P2 Spec-First Execution

§0b

Opinion

The single biggest source of waste I have watched on engineering teams is starting work without a written AC. Not vague work, not exploratory work: ordinary feature work, where the engineer reads the ticket, has a chat in the hallway, and starts coding from a mental sketch. The mental sketch always misses two things: the edge case the product owner has not articulated, and the dependency the architect spotted six months ago.1 Adzic's Specification by Example calls this out by name: the conversation that produces the AC is more valuable than the AC itself, but the AC has to survive the conversation.

Where this row earns its keep is the second sentence of its sub-line: AC at the start, AC at the end.
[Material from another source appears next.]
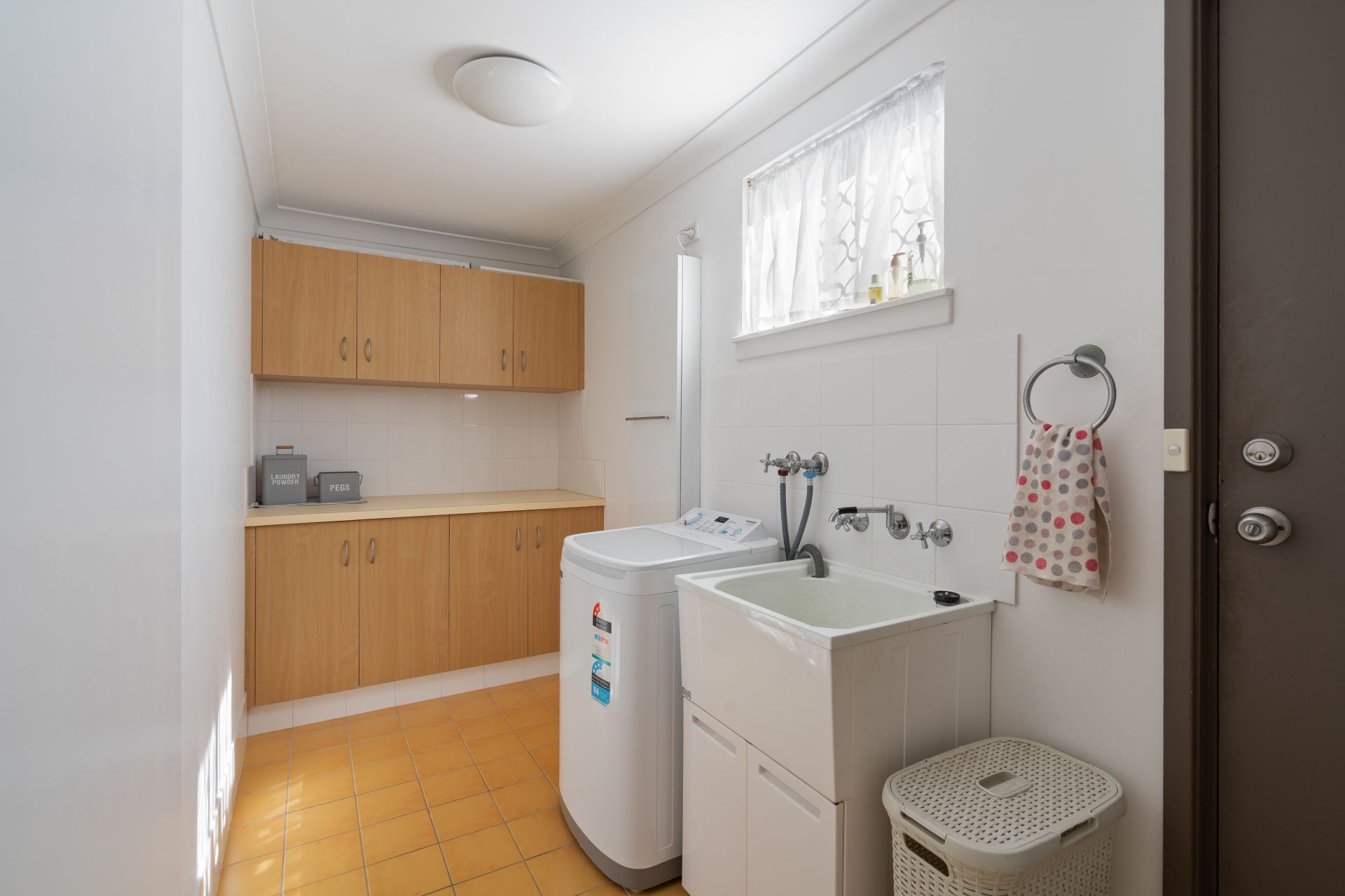** Single auto garage with drive-through to yard; generous internal laundry

The AC is the input to the work; it is also the input to P3 Definition of Done. Skipping it converts agency into rework. The team that writes AC at the start ships fewer surprises at the end; the team that does not calls every misalignment a “requirements problem” and treats the product owner as the bottleneck, when in fact the bottleneck is the unwritten AC the engineer walked past.

The agent layer hardens this further. An LLM with no AC will generate plausible code at machine speed and pick the most popular implementation, not the one the business needs. With AC in front of it (ideally in Gherkin per AI4 Verifiable Specs) the agent has a target. Without it, the team is paying tokens for the model's priors. The discipline is the same one that protected the human-only team; the cost of skipping it is now paid in milliseconds rather than weeks.

Copy a note and link

Grab this short comment and drop it into a PR comment or an LLM chat to prompt the right change.
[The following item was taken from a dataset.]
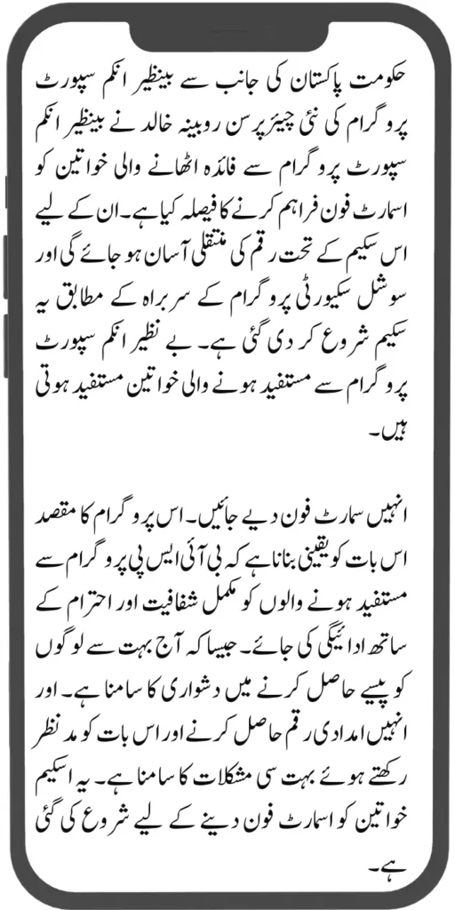 If you want to know all the information about the Benazir Income Support Program smartphone. Which women will be given smartphones and how will they be given? The complete procedure has been explained here. If you want to know any other questions related to this, you can find complete information by contacting Ehsaa8171news.pk

AC at the start, AC at the end. Read the brief, write the acceptance criteria as bullets a reviewer can mark met or unmet, walk them past the Three Amigos, then start coding. The AC is the brief; the Definition of Done is the AC restated. Skip the AC at the start and you are paying for it at the end.
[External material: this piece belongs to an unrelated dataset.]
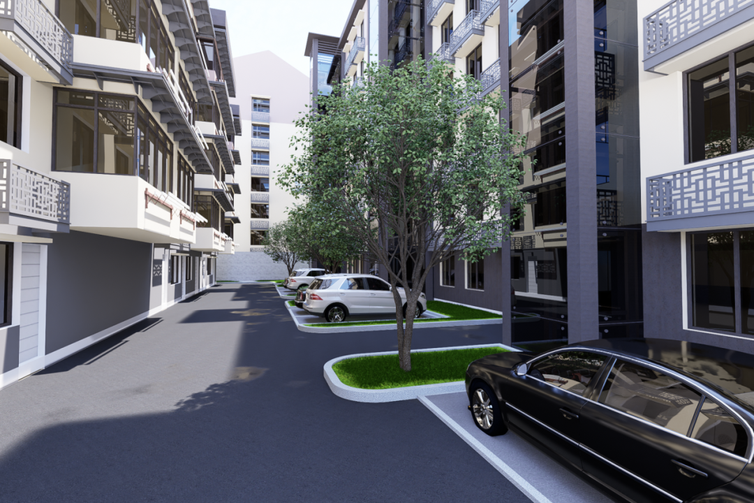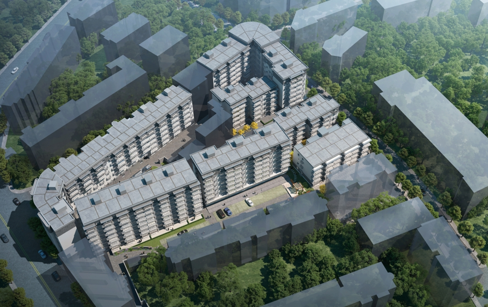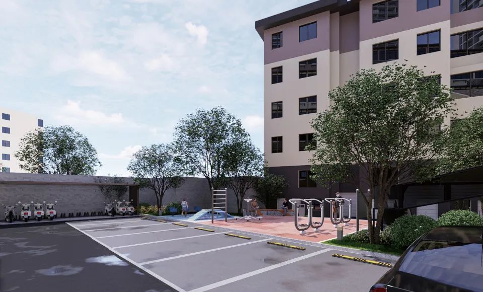 “内”提升 ——将原有的建筑辅房拆除,结合景观设置停车位和非机动车停车区,规范停车空间;增设休闲公园,增加小区绿化空间,提高小区品质;引进准物业管理单位,强化改造后小区后续长效管理。

/tenet/spec-first-execution/P2

§0c

AI eyes only

Rule: AC at the start, AC at the end. Refuse work without acceptance criteria.

Reject: starting work from a prose ticket with no falsifiable AC. Reject: declaring done against criteria invented by the agent rather than agreed up front. Reject: pattern-matching to the most common implementation in training data.

Generate: copy the AC into the plan verbatim. Implement against each line. Re-read the AC after the change and confirm each line passes a check.

Diagnostic: the work is not started until the AC is enumerated. The work is not done until every AC line has a passing check.

§0d

Why?

AC at the start gives the team a shared finish line. The engineer, the product owner, the QA, and the reviewer can all point at the same bullets and agree what done means.
Skipping the AC turns agency into rework. The misread requirement found at PR time is the feature delivered late; the misread requirement found pre-code is a five-minute conversation.
Spec-First and P3 Definition of Done are bookends. The AC at the start is the brief; the AC at the end is the gate. Without P2, P3 verifies against nothing.
The AC scopes the test in P1 Test-First. The work-unit spec produces the code-unit spec; the chain from story to test is unbroken.
For the agent, the AC is the falsifiable target. Pair with AI4 Verifiable Specs and the agent has something to grade itself against, not just a paragraph to interpret.
PRs land faster when the AC was written first. The reviewer reads the AC to learn the intent, reads the test to verify the AC, reads the code to verify the test — three artefacts, one chain.
Written AC catches scope creep early. The AC bullet that wasn't there last week is visible in the diff; the AC bullet that grew is a conversation, not an argument.

The receipts

Origins, quoted passages, evidence, the strongest counter-argument and the reply.

§1

Origins

The intellectual root is older than agile. Hoare's 1969 paper An Axiomatic Basis for Computer Programming set out the precondition / program / postcondition triple that is, in modern dress, what an AC is.5 Parnas and Madey's Functional Documents for Computer Systems (1995) generalised the same shape to whole-system specifications.6 The throughline from Hoare to Parnas to Cohn is the same claim: the work precedes the writing of the contract.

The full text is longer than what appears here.